#KlaRestaurantWeek: Riders Lounge
Whenever Riders’ Lounge comes up in conversation around these parts, it is usually in the context of late nights revolving around the bar and dance floor, but a little lesser known is their kitchen. This year Riders’ Lounge steps up to the plate as more than just an excellent lounge or club experience, but also an outpost of culinary awesomeness, with their participation in the second edition of the Kampala Restaurant Week. We sampled a few of the dishes on their exclusive menu to give you a glimpse of what they will have to offer from the 1st to the 11th of June.

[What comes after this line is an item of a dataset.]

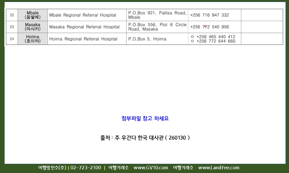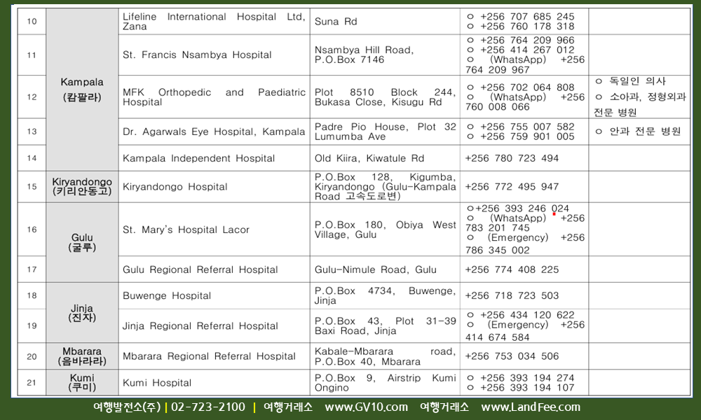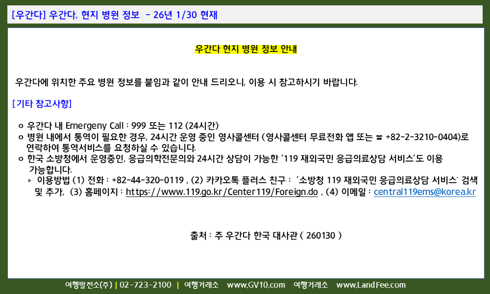 [우간다] 우간다, 현지 병원 정보 - 26년 1/30 현재
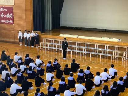 また、今週末の文化祭に向けて、3年生は3年間の集大成としての発表をしてほしい、1・2年生は3年生のその姿を糧に、来年再来年の自分たちの目標として姿をしっかりと見て、今の取り組みの経験をその時に活かして欲しいとお話になられました。

To start off, you may go with a Classic Nicoise Tuna Salad which is a combination of leafy vegetables, tomato chunks, black olives, hard boiled eggs, tiny whole Irish potatoes and, of course, tuna. With a light vinegar based dressing, the taste of the various ingredients is never obscured but enhanced.
Another appetiser to prepare your taste-buds is the Buttered Sardine Loaf, a dish that combines the look of a sushi roll with a flavour more often associated with sandwiches served at/with/for High Tea. Tuna and tilapia are rolled up into paper-thin cucumber and chopped into four sushi-like pieces, then elegantly arranged with wispy, tall stalks of fried spaghetti.
The cold cucumber, which plays the role of the sea-weed in this sushi metaphor makes for a crunchy exterior while the lightly flavoured tuna and stronger tasting sardine core make for a very soft interior. The tuna and cucumber combination reminds one of the kind of cold sandwich served at the kind of tea party where people actually sip tea with their pinkie fingers sticking up; light on the taste buds and light on the tummy, but still interesting to munch on.
A number of meaty dishes are on the roster for Riders’ Restaurant Week menu ranging from chicken stuffed with bacon and cheese, to beef stuffed with beef. However, for something a little less intense, the Lime and Dill Marinated Tilapia is a delicious option. Tilapia fillet is grilled to a lightly singed brown shade after being rubbed down with an unimposing marinade that enhances the fish’s own flavour, but the entire dish flourishes due to its accompanying sauce. Lime and dill are the flavour base of a creamy sauce with a zesty and slightly herbal edge that not only lubricates but also supplements the fish. These are stuffed by what is referred to as Matooke Mash.
What is the difference between Matooke Mash at the Riders’ and, you know, the mashed yellow stuff we just call Matooke?
Here, the Matooke is diced, steamed and mashed, then mixed in with a little butter and cream that makes it a little more smooth and moist, so that your side dish will not have been dehydrated and hardened by the time you get back from the bathroom. The Matooke Mash can also be served as an accompaniment for Rolled Chicken with Wild Mushroom Jus. What that name does not tell you is that the chicken is a cut of breast stuffed with a layer of ham, a layer of bacon and a central core of gooey mozzarella cheese that balances out the bacon’s salty flavour.
Finally on the menu is the understated Beef Olive with Creamy Pepper Sauce and Dauphinois Potatoes. “Beef Olive” doesn’t tell you that you are dealing with beef fillet batted to tenderness, wrapped into a roll stuffed with minced meat (yup) infused with olives, garlic, onions, cooked sous vide (under pressure) and grilled. The result is a beef lover’s fantasy with what tastes like a beef sausage wrapped in a steak with a creamy peppery sauce that complements the grilled beef’s smokey affectations. The Dauphinois potatoes are a stack of thinly sliced irish potatoes with cream and cheese in between them; cheesy, starchy decadence.
For a sweet finish, you may go with Chocolate Pudding with Cinnamon Ice-cream. The pudding itself? Imagine a dark, slightly bitter cake that is baked on the outside but soft and gooey on the inside, oozing molten chocolate. It is served warm with cold cinnamon flavoured ice-cream for a combination of sweet chocolate, and earthy, spicy cinnamon that is complementary in taste but contrasts delightfully in temperature.